Those three million fragile and forgotten
3' min read
3' min read
The employment data give us very positive news: not only for the crossing of the 24 million employed threshold, but also for the growth of all the most significant indicators (the employment rate, the number of women in work, the number of permanent contracts). The optimism induced by these numbers is, therefore, entirely legitimate, but it must not overshadow a problem that exists even within such a positive picture: there is an important part of the production system trapped within working conditions that do not respect the rules.
It is not easy to quantify the number of people in this situation: we can assume, by cross-checking the various available data, that about three million people work on the basis of 'poor' or irregular contracts. We are not talking, let us be clear, about fixed-term workers and those employed by employment agencies on temporary contracts: these people, although they face the uncertainty linked to the expiry of the contract, enjoy all the legal and contractual protections.
We are talking about that variegated world made up of different situations - simulated part-time work, false VAT numbers, irregular coordinated and continuous collaborations, chains of illegal contracts, and even outright undeclared work - that have in common the violation of that 'constitutional minimum' of rules that protect the dignity of work: regular working hours, the application of a collective agreement signed by truly representative trade union and employer associations, correct social security regulations, and protection against unjustified dismissal.

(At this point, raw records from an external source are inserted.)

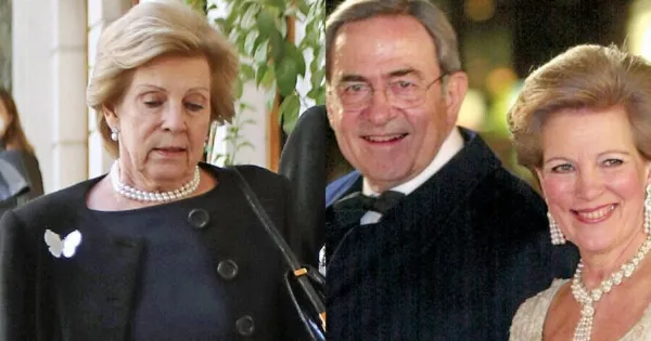 Η Άννα Μαρία η οποία είναι 77 ετών, εμφανίστηκε με γκρι φούστα, μπορντώ σακάκι, ανοιχτόχρωμο πουκάμισο και animal print φουλάρι στον λαιμό της.
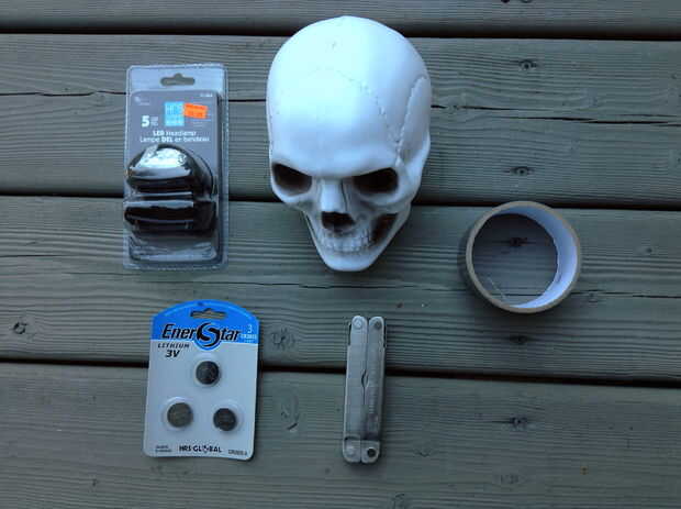 -Un cráneo de plástico hueco, translúcido (preferiblemente blanco) -Un proyector LED barato con un parpadeo/configuración -pilas de botón 3 voltios (yo usé pilas cr2025) -Una herramienta multiusos o una navaja y alicate -Cinta
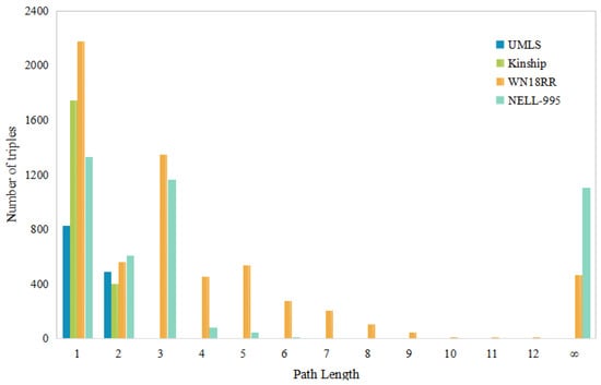 To determine the optimal number of hops for multi-hop reasoning, we conducted a statistical analysis of the dataset. Specifically, we utilized the triples in the training dataset to construct a graph and then analyzed the triples in the validation and test datasets. We employed the Breadth-First Search (BFS) algorithm to identify the shortest paths between the head and tail entities and recorded the distribution of the path lengths. Figure 3 shows the distribution of the shortest path lengths in the four datasets. The symbol ∞ indicates that there is no path between the head and tail entities, which means that they are unreachable from one another. As shown in Figure 3, the entities in the UMLS and Kinship datasets can be obtained within two hops, while most of entities in the WN18RR and NELL-995 datasets can be found within three hops. However, some entities in the WN18RR and NELL-995 datasets are unreachable. Therefore, the maximum reasoning hop was set to two for the UMLS and Kinship datasets and three for WN18RR and NELL-995. The values for PMHR in Table 2 were obtained as the averages of the results for three runs.
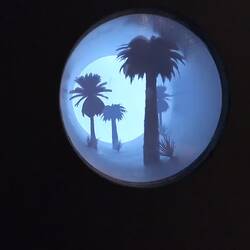 Außen sehr schön, innen geht es im Nebel auf die Berge, sehr schön umgesetzt.
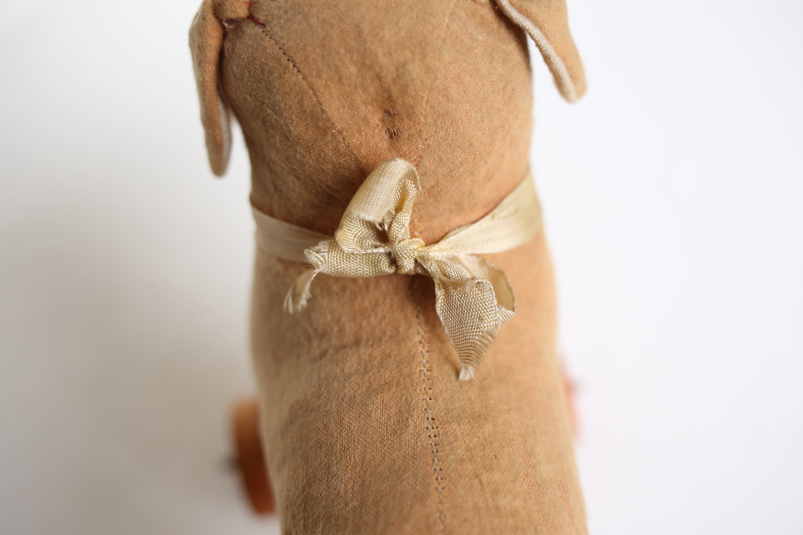 全体的に色焼け(正面右側の方がわずかですが色が薄くなっています。)や生地自体が薄くなっている箇所があり、また耳に赤い糸で補修された跡が見られますが、全体的にはとても良い状態で長年大切に可愛がられてきたことがわかる素敵な佇まいです。

A phenomenon that affects all economic sectors and all age groups, although it has young people and women as its privileged victims, who share the fate of being the main protagonists of labour exploitation.
Problems that are accentuated by the imperious development of the digital economy; the great - and now indispensable - opportunities that platforms and the sharing economy offer us are possible thanks to the work of people who have not yet found the right and definitive contractual arrangement, not least because of the undeniable difficulty of reconciling a system of rules born in the last century with completely new methods and forms of work.